Luke McLuke was trained by Schorr's son, John F. Schorr. Luke McLuke's race wins in 1914 helped make the elder Schorr the leading owner for 1914, the second time he had earned that title. The younger Schorr was the leading trainer in 1914, the first time he topped that list. The stallion's overall racing record was four wins in six starts with one second and one third. His total earnings on the racetrack were $22,050.

==Breeding career and legacy==
In 1925, Luke McLuke was owned by J. Oliver Keene and stood at stud at Keeneland Stud in Lexington, Kentucky. He sired 11 stakes winners, including Nellie Morse, Anita Peabody, and Mr. Sponge. Nellie Morse won the 1924 Preakness Stakes and was named the 1924 Champion Three-Year-Old-Filly. Anita Peabody won the Futurity Stakes and the Debutante Stakes and was named 1927 Champion Two-Year-Old Filly. In all, Luke McLuke sired 85 foals in 13 foal crops; 55 of his foals started races, with 40 of those starters winning races for a total of $449,783. His daughter Nellie Morse was the dam of Nellie Flag, the 1934 Champion Two-Year-Old Filly. After her racing career was over, Nellie Flag went on to become one of the foundation broodmares at Calumet Farm in Kentucky. A grandson was Three Bars, out of a Luke McLuke daughter named Myrtle Dee. Three Bars went on to become an influential sire of Quarter Horses, and was named to the American Quarter Horse Hall of Fame in 1989. Another daughter, Nursemaid, produced the 1966 Kentucky Broodmare of the Year, Juliet's Nurse. Luke McLuke's granddaughter Nellie Flag was, in turn, the dam of Mar-Kell, the 1943 Champion Handicap Mare.

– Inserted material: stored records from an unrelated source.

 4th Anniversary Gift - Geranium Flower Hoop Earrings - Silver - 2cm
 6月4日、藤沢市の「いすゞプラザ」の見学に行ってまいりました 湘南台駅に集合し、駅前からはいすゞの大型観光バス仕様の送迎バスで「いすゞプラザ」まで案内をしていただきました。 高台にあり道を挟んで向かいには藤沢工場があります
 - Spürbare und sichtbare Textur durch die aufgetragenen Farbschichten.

The Chicago Tribune reported the death of Luke McLuke in February 1929, but noted the horse had died suddenly in his exercise paddock at the farm of John Hertz many weeks before the press release. He was recorded as dead in the 1932 edition of the American Racing Manual.

==Pedigree==

 Luke McLuke is inbred 3S x 3S to the stallion Domino, meaning that he appears third generation twice on the sire side of his pedigree.

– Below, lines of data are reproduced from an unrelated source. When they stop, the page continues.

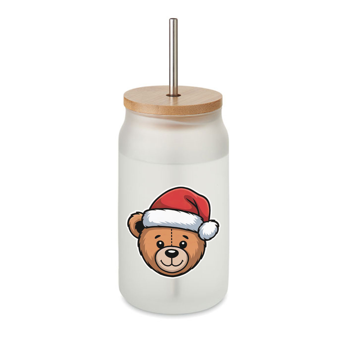 Lasinen juomapullo metallipillillä "Teddy bear" - kodikas valinta juhliin ja arkeen!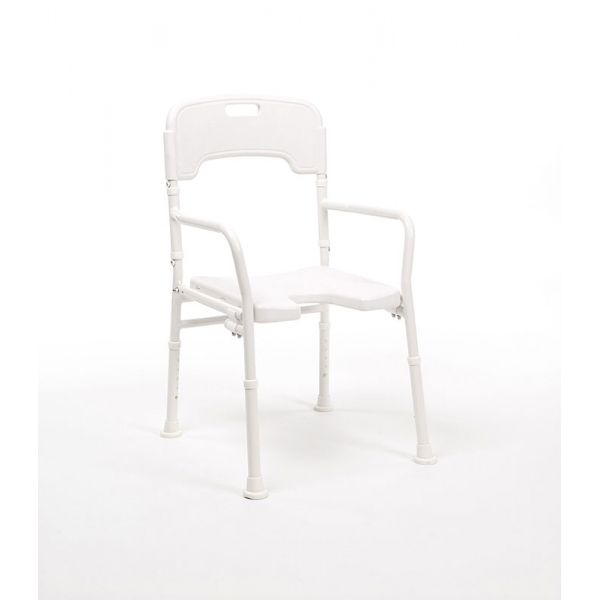 Складной стульчик Vermeiren Laly относится к санитарно-гигиеническому оборудованию. Данная модель используется в ванных комнатах, душевых кабинках и других влажных помещениях. Стульчик имеет складную конструкцию, легко убирается после использования. Сиденье стульчика Laly оснащено специальным анти-скользящим покрытием, что обеспечивает дополнительную безопасность для пользователя. Дополнительный комфорт пользователю обеспечивает наличие спинки. Сиденье с гигиеническим вырезом позволяет пользователю комфортно осуществлять гигиенический уход. Ножки стульчика регулируются по высоте с помощью нажатия на кнопки-защелки. Функция регулировки ножек по высоте позволяет человеку с ограниченными возможностями осуществлять более легкую пересадку с кресла-коляски на сиденье стульчика.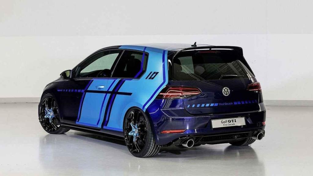 Upravený Golf GTI v první řadě upoutává pozornost speciální barevnou kombinací, unikátními litými koly v černé barvě s modrými středy a například také zadním křídlem z modelu GTI Clubsport.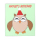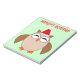 Este impresionante bloc de notas muestra un personalizado gracioso de un búho Navidad con ojos somnolientos, un pequeño pico naranja y lindos pies naranjas. La lechuza es marrón, con un barril de crema y lleva puesto un sombrero de Santa Claus rojo y blanco listo para los Navidades. Hay un texto de personalizable en la parte superior del bloc de notas que te permite personalizarlo por ti mismo o convertirlo en un regalo encantador para alguien más.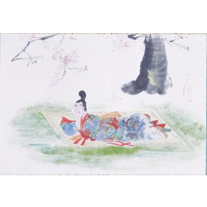 玉村方久斗画幅「在原業平桜下仮睡図」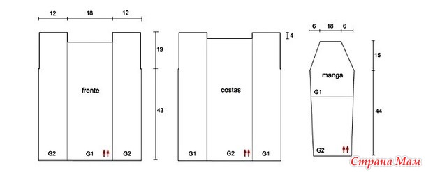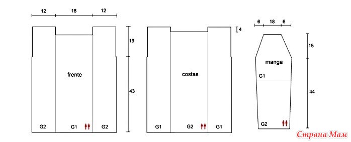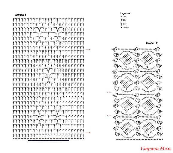 Перед и спинка.Сначала вяжется цетральный узор снизу вверх по схеме 1 а затем от него в стороны вяжется продолжение узором по схеме 2.

 Luke McLuke is inbred 4S x 3D to the stallion Isonomy, meaning that he appears fourth generation (via Dancing Water) on the sire side of his pedigree, and third generation on the dam side of his pedigree.

 Luke McLuke is inbred 5S x 4D to the stallion Doncaster, meaning that he appears fifth generation (via Dancing Water) on the sire side of his pedigree, and fourth generation (via Sandiway) on the dam side of his pedigree.